Health care is different (from other industries)

It’s clear to me from Ezra Klein’s reference to my “Health care is different” post that I need to say more.

Many suggest that the solution to our health care system’s problems is to be found in a more market-based approach. Consumer-directed health plans are at the center of this concept. If you make people spend more of their own money, they’ll be more prudent users of care and seek better value at lower prices. That’s how other industries work, and we don’t complain much about them. Why should health care be any different? Get the government out of the way. Give vouchers to Medicare and Medicaid beneficiaries. Let people shop for the best deal on the unfettered market. And, moreover, reduce first-dollar, third-party payment by encouraging high-deductible plans.

About now you’re thinking I disagree with the notions I just expressed. Actually I don’t. They have merit, which I recognize, accept, and support. Where I take issue is that they are not solutions to all the problems in our system. They can address, at least in part, some of the problems, though even there more is required. It’s just not that simple. (Again I strongly encourage those who thinks otherwise to read Katherine Baicker and Amitabh Chandra, “Myths and misconceptions about U.S. health insurance.”)

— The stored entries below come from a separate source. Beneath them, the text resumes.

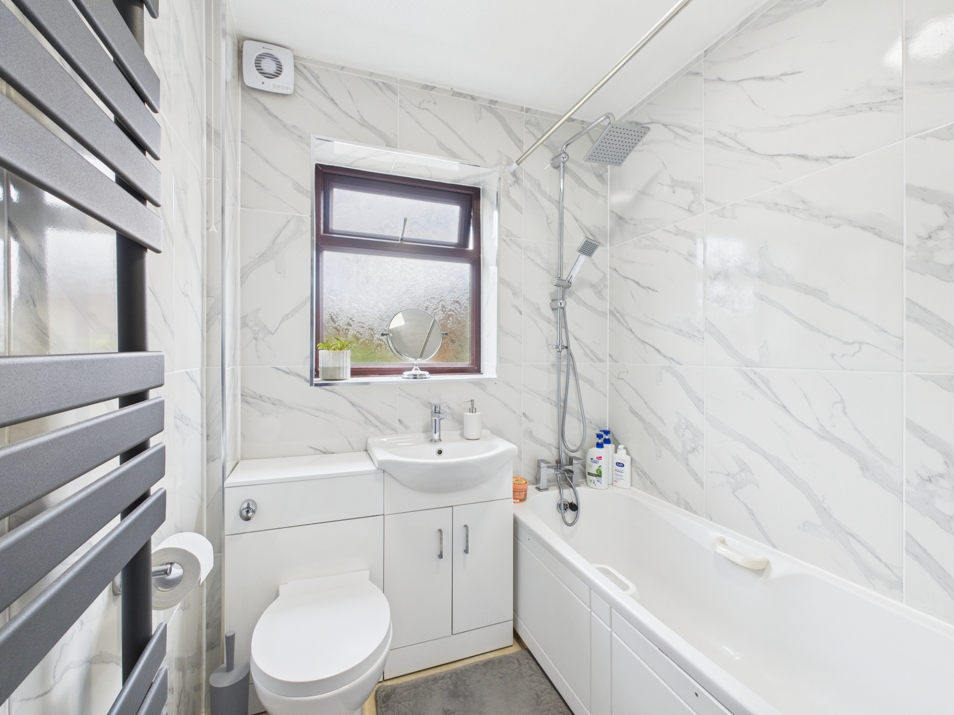 Obscure double glazed window to front elevation. Radiator. Suite comprising wash hand basin and WC set in a vanity unit and panelled bath. Tiled walls. Vinyl flooring.
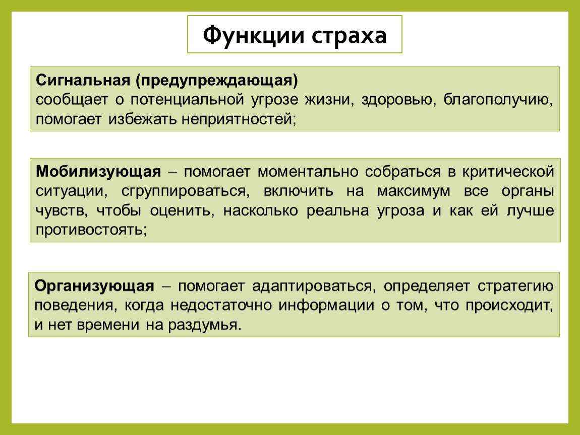 Мобилизующая – помогает моментально собраться в критической ситуации, сгруппироваться, включить на максимум все органы чувств, чтобы оценить, насколько реальна угроза и как ей лучше противостоять;
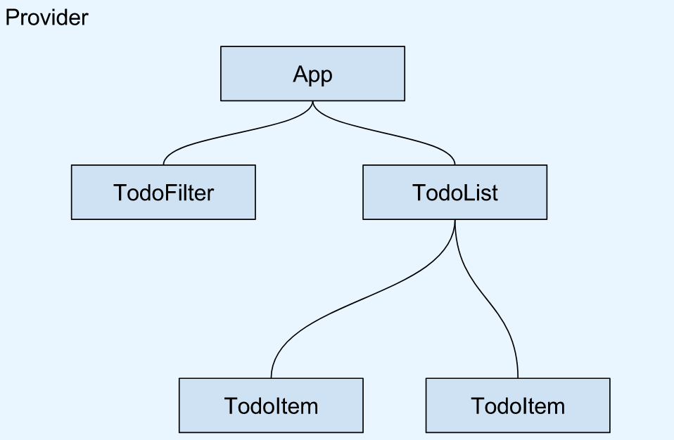 If we were to follow the previous diagram, the Provider node would be represented as a parent node on top of the App node. However, because of the utility that Provider gives us, I feel it’s more appropriate to represent it as something which “wraps” the entire application building blocks look like this.
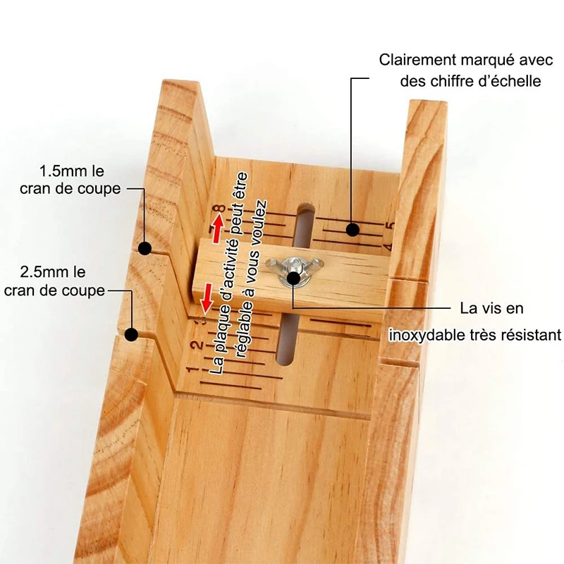 Регулируемый резак для прессформы для деревянного мыла-есть два вырезных выреза 1,5 мм и 2,5 мм, от 1 до 8 четко обозначены числами масштаба, активная пластина может регулироваться по вашему вкусу, идеально подходит для резки мыла, ремонт мыла, разделение мыла и адаптируется к большему размеру.
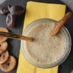 In blender jar,add dates (deseeded),banana,yogurt,milk,cinnamon powder,ice cubes and blend until well combined.
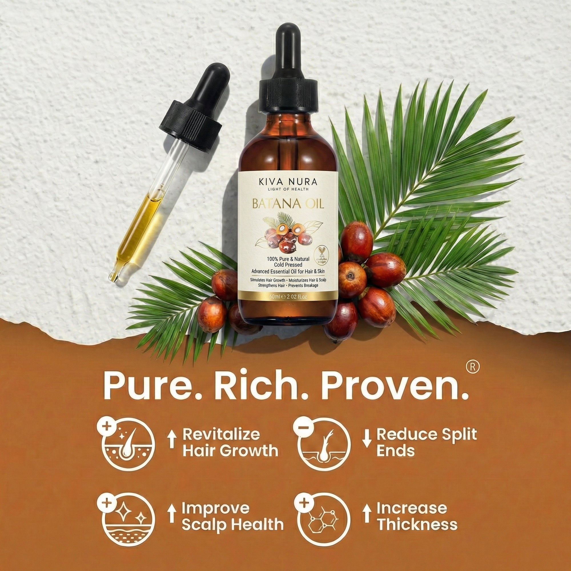 Unlock the power of Batana oil the appearance of thicker-looking hair. Supports hair strength and fullness.
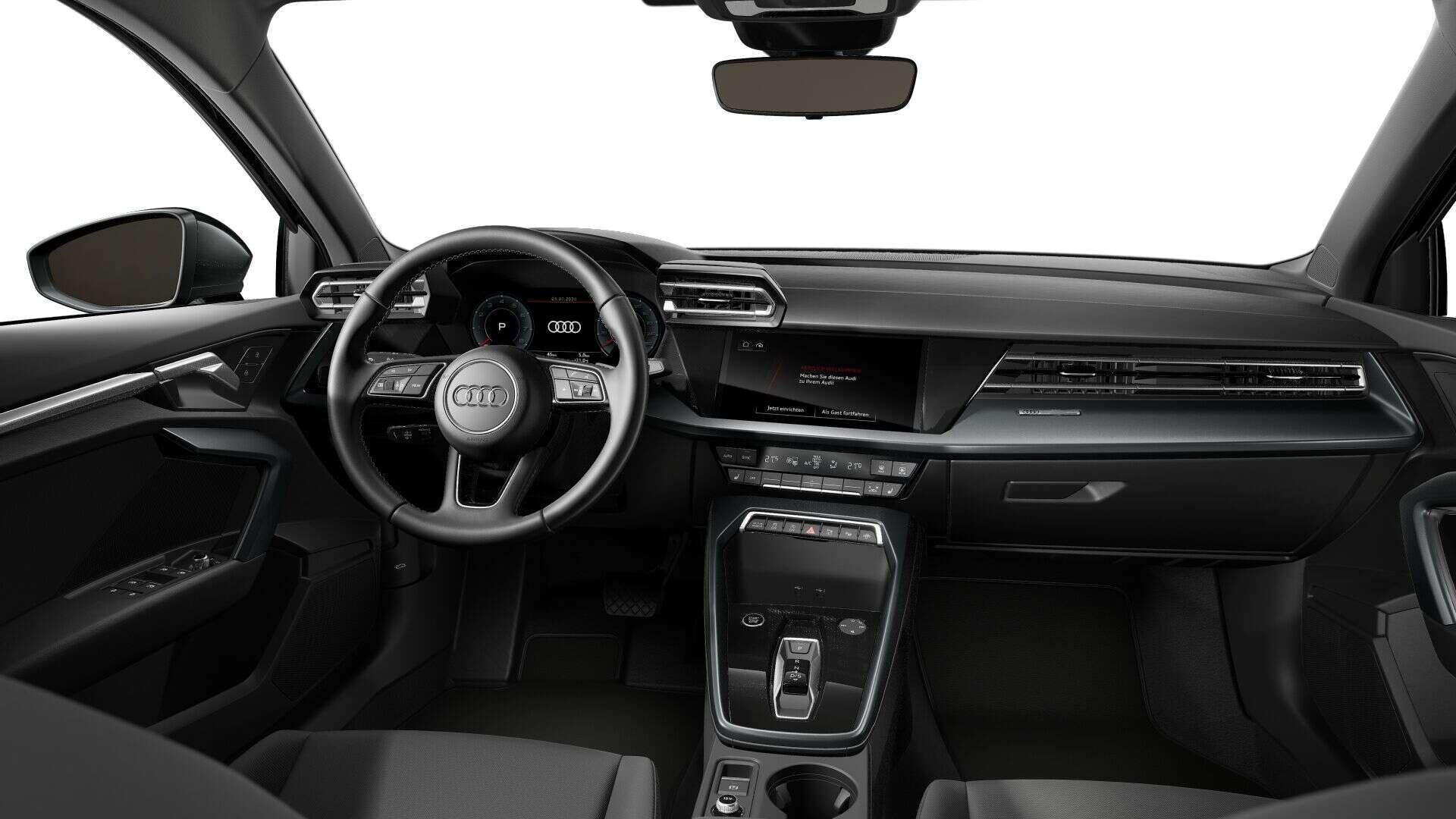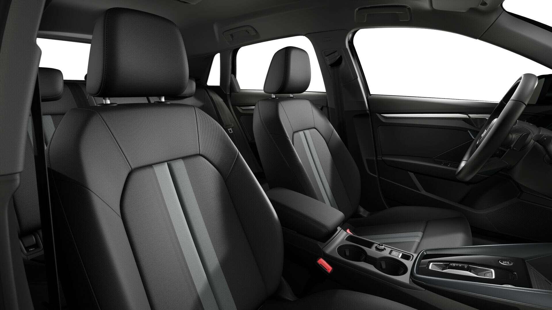 • Interieur: 4-Wege-Lendenwirbelstütze für die Vordersitze, Ambiente-Lichtpaket, Audi virtual cockpit plus, Dachhimmel Stoff, Farbe spezifisch, Dekoreinlage Feinlack vulkangrau, Einstiegsleisten mit Aluminiumeinlegern vorn, Fußmatten vorn und hinten, Innenspiegel abblendbar, Interieurapplikationen Aluminiumoptik, Lederlenkrad 3-Speichen mit Multifunktion plus und Schaltwippen, Mittelarmlehne vorn, Rücksitzlehne umklappbar, Sitzbezug / Polsterung: Stoff Konsens, Sitze vorn manuell einstellbar, USB-Anschlüsse mit Ladefunktion im Fond

That brings me to the post to which Klein referred. I illustrated how health care is like other industries,

  • Health care markets and the airline industry both have barriers to entry. The former requires special licenses, the latter requires considerable capital and regulatory compliance.
  • Trust in one’s doctor is important, as is trust in one’s lawyer.
  • Information assymetries exist in health care as in auto repair. Your mechanic (doctor) knows more about your car (your internal organs) than you do.
  • Health services and health insurance products are differentiated and complex, as are other products like cell phones or personal computers.
  • Health professionals want a good income, as do those in other fields.

That would suggest that if we just make health care even more like any of those industries, by reducing third-party payment, government regulation, and so forth, we could harness all the characteristics of the free market–characteristics that we don’t complain about (and even like) with respect to other products and services. True!

Except that health care is different, in one crucial way. I said it, and so did Klein:

First, if you don’t get good health care, you might die. That makes it hard for individuals to say no to things, it makes it hard for insurers to resist the backlash that comes when they say no to things, and it makes it hard for government to say no to things. [Bold mine.]

This may not seem important to the wealthy, young, and healthy. But to poorer, older, and sicker individuals (e.g. those on Medicaid and Medicare) it dominates. It is very hard to be a prudent purchaser of care when you’re in the ICU or responsible for the health of a vulnerable population. That alone suggests that an emphasis of moving the cost risk to individuals isn’t sufficient. There is plenty of cost risk to spread around. Some of it should be borne by physicians and hospitals, some by insurers (public and private), and some by individuals.

The optimal allocation of risk across these entities is not likely to be the same for the young and healthy as for the old and sick. That might be OK for buying a cell phone–overpaying for or under-utilizing cell phones won’t do you much harm–but it isn’t for buying health care. Why? Because health care is different. A mistake costs far more (your life) and you really do know far less about it than the salesman or practitioner, particularly when you’re very sick.

Some reduction in costs at minimal to no reduction in health may be possible with increased personal responsibility. The RAND health insurance experiment has demonstrated that, on average. However, that fact does not hold for all sub-populations. The health of individuals with certain chronic illnesses included in the RAND HIE was harmed by increased cost sharing. The RAND HIE did not include the elderly. More recent work has shown that increased cost sharing for Medicare beneficiaries can lead to adverse outcomes and doesn’t necessarily save taxpayers money.

I’m all for using square pegs in square holes. But when the hole is round, it just doesn’t fit. Forcing it is bound to break something, or someone. And it isn’t necessary. A health policy more nuanced than “free market for all” isn’t really that much harder. It just takes a little more thinking than can be conveyed on a bumper sticker.